▸ Data to examine
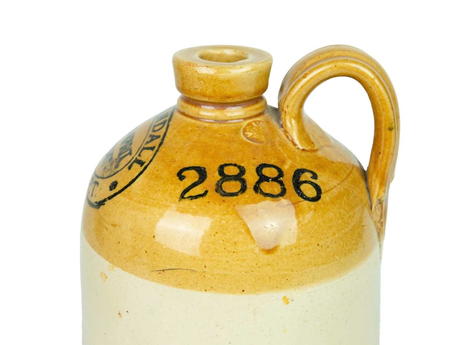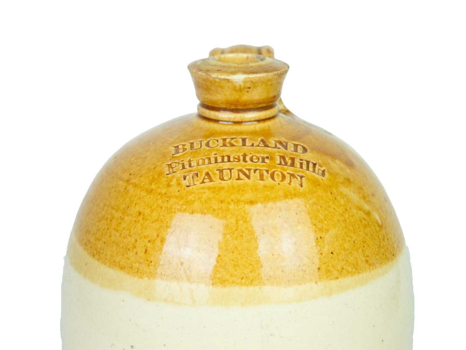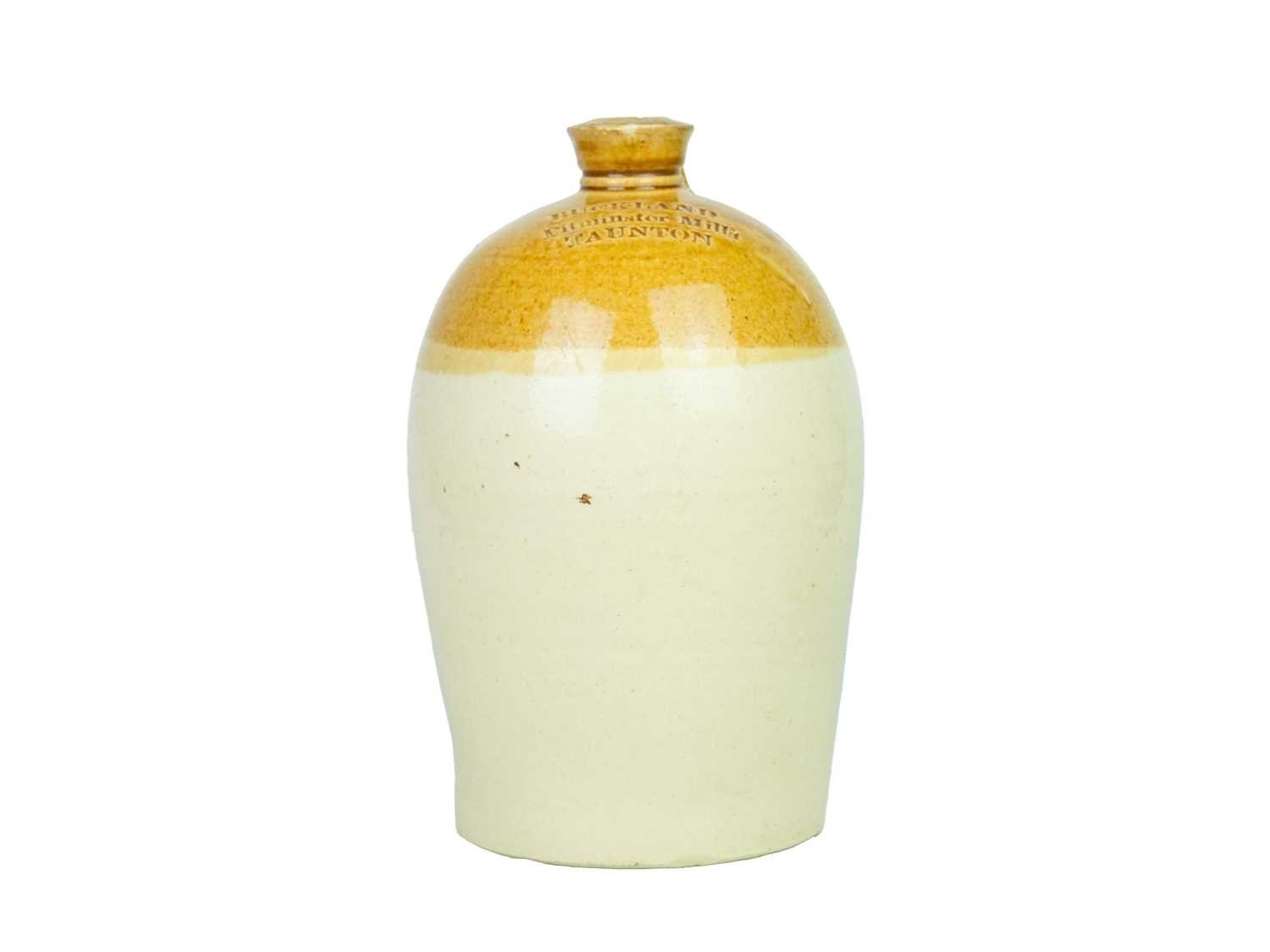 Two stoneware flagons. Buckland Pitminster Mills Taunton, impressed Price Bristol mark, height 30cm, with a W.E. Randall Wine and Spirit Merchant of Bridport flagon (2).
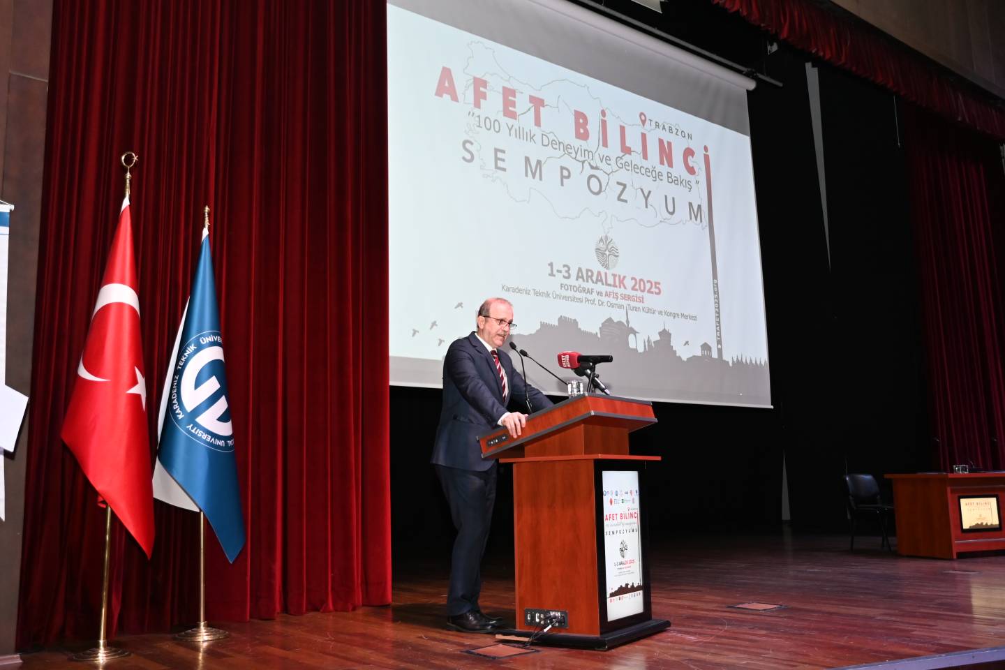 Rector Prof. Dr. Hamdullah Çuvalcı stated that the symposium serves as a platform for experts from different fields to come together, share knowledge, and promote a culture of safe living. He underscored that one of the university’s fundamental responsibilities is to transform scientific knowledge into societal benefit. He also reminded attendees that risk reduction, preparedness, and resilience are just as essential as response efforts in the face of disasters.
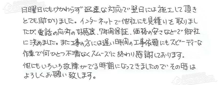 お客様の声 NO.44536 東京都西東京市 S様
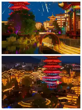 As night falls and the lights come on, the town seems like the prosperous Tang Dynasty. Fireworks shows/garden parties, plenty of activities
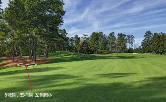 死亡之路:1999年,布兰多·钱布利在周六的比赛中以落后领先者2杆来到8号洞。在他称之为的“快闪”开球后,他的第二杆,在距洞杯250码处,“飞向左侧,进入了乔治亚松林”,让他陷入了困境。又打了一杆后,他仍未脱离炼狱。最后,他在记分卡上记下了双博基,7杆。正如钱布利所说的那样,“美国大师赛冠军与美国大师赛笨蛋之间,相距不过550码。”
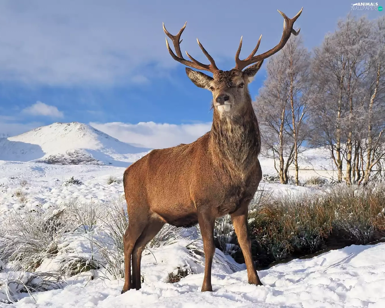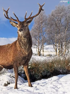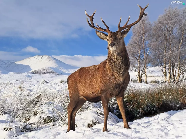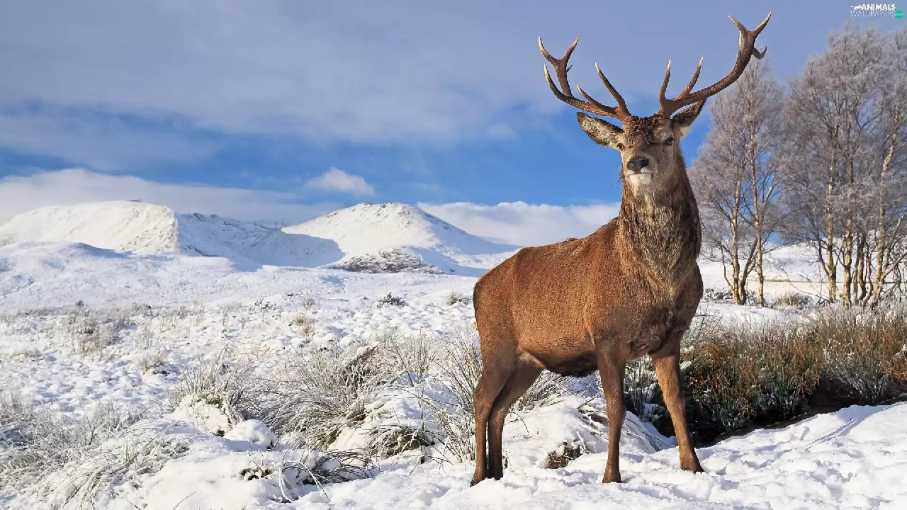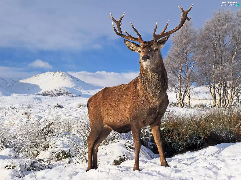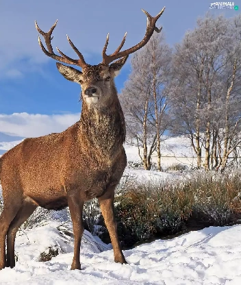 deer, viewes, winter, trees

▸ Exercise aim
The result should be a transcript of the lines from the line containing "As night falls" through the end of the listing above, exact, inclusive, and without pictures.

▸ Exercise result
 As night falls and the lights come on, the town seems like the prosperous Tang Dynasty. Fireworks shows/garden parties, plenty of activities
 死亡之路:1999年,布兰多·钱布利在周六的比赛中以落后领先者2杆来到8号洞。在他称之为的“快闪”开球后,他的第二杆,在距洞杯250码处,“飞向左侧,进入了乔治亚松林”,让他陷入了困境。又打了一杆后,他仍未脱离炼狱。最后,他在记分卡上记下了双博基,7杆。正如钱布利所说的那样,“美国大师赛冠军与美国大师赛笨蛋之间,相距不过550码。”
 deer, viewes, winter, trees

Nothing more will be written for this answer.